### SOURCE DATA
- - -

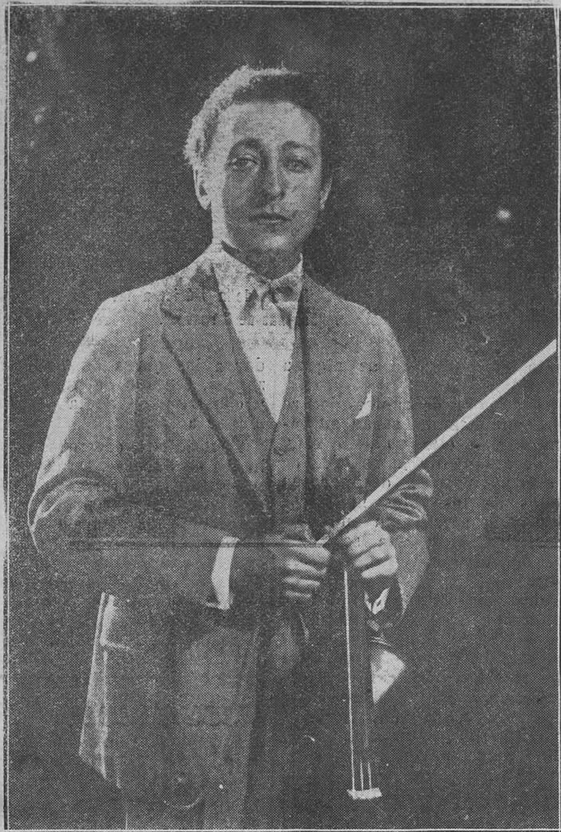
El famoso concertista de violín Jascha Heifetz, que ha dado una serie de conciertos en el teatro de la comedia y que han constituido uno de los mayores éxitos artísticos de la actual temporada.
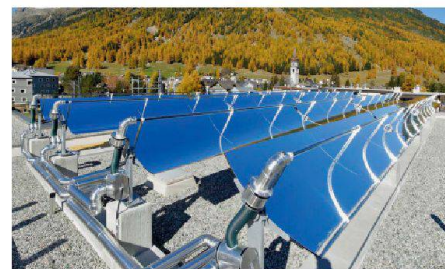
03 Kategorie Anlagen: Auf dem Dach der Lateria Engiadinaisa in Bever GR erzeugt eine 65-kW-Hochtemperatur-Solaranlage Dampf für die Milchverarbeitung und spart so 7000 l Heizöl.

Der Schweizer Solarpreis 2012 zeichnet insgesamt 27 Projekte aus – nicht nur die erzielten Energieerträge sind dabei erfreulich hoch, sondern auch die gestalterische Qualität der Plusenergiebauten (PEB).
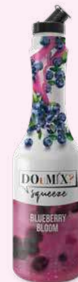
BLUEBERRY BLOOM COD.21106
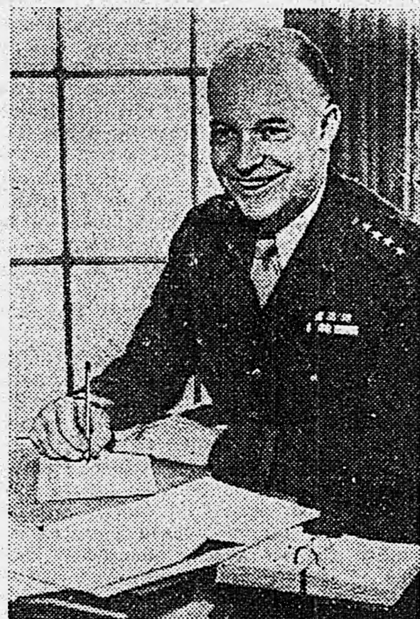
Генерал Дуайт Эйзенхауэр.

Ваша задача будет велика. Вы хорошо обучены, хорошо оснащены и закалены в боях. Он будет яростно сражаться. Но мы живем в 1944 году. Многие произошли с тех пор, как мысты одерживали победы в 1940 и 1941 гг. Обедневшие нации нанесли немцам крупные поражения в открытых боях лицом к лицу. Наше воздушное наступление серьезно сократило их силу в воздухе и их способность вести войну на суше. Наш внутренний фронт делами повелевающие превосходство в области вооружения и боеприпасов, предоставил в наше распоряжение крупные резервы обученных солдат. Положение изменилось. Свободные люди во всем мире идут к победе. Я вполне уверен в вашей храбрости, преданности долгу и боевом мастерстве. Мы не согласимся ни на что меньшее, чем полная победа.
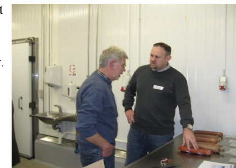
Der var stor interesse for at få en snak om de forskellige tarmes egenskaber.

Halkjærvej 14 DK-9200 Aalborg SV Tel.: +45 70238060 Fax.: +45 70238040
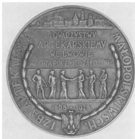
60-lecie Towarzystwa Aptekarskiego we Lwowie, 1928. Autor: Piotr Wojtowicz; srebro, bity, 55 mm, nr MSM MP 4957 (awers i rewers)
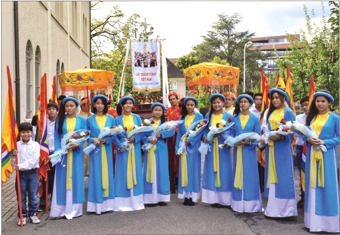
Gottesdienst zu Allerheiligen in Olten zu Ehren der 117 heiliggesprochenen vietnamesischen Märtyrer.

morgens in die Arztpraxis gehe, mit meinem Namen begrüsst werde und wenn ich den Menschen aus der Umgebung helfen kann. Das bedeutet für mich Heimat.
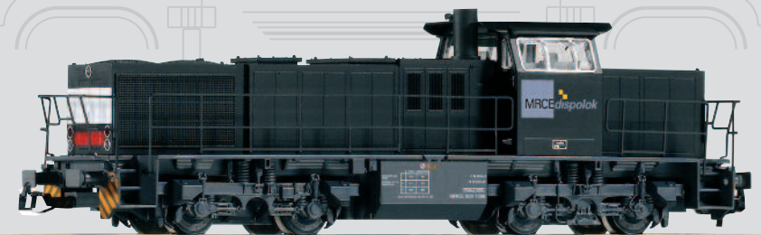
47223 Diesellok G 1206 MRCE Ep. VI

- - -

### REQUIREMENT
Keep the pictures out and print all the records exactly as they are.

### TASK RESPONSE
El famoso concertista de violín Jascha Heifetz, que ha dado una serie de conciertos en el teatro de la comedia y que han constituido uno de los mayores éxitos artísticos de la actual temporada.
03 Kategorie Anlagen: Auf dem Dach der Lateria Engiadinaisa in Bever GR erzeugt eine 65-kW-Hochtemperatur-Solaranlage Dampf für die Milchverarbeitung und spart so 7000 l Heizöl.

Der Schweizer Solarpreis 2012 zeichnet insgesamt 27 Projekte aus – nicht nur die erzielten Energieerträge sind dabei erfreulich hoch, sondern auch die gestalterische Qualität der Plusenergiebauten (PEB).
BLUEBERRY BLOOM COD.21106
Генерал Дуайт Эйзенхауэр.

Ваша задача будет велика. Вы хорошо обучены, хорошо оснащены и закалены в боях. Он будет яростно сражаться. Но мы живем в 1944 году. Многие произошли с тех пор, как мысты одерживали победы в 1940 и 1941 гг. Обедневшие нации нанесли немцам крупные поражения в открытых боях лицом к лицу. Наше воздушное наступление серьезно сократило их силу в воздухе и их способность вести войну на суше. Наш внутренний фронт делами повелевающие превосходство в области вооружения и боеприпасов, предоставил в наше распоряжение крупные резервы обученных солдат. Положение изменилось. Свободные люди во всем мире идут к победе. Я вполне уверен в вашей храбрости, преданности долгу и боевом мастерстве. Мы не согласимся ни на что меньшее, чем полная победа.
Der var stor interesse for at få en snak om de forskellige tarmes egenskaber.

Halkjærvej 14 DK-9200 Aalborg SV Tel.: +45 70238060 Fax.: +45 70238040
60-lecie Towarzystwa Aptekarskiego we Lwowie, 1928. Autor: Piotr Wojtowicz; srebro, bity, 55 mm, nr MSM MP 4957 (awers i rewers)
Gottesdienst zu Allerheiligen in Olten zu Ehren der 117 heiliggesprochenen vietnamesischen Märtyrer.

morgens in die Arztpraxis gehe, mit meinem Namen begrüsst werde und wenn ich den Menschen aus der Umgebung helfen kann. Das bedeutet für mich Heimat.
47223 Diesellok G 1206 MRCE Ep. VI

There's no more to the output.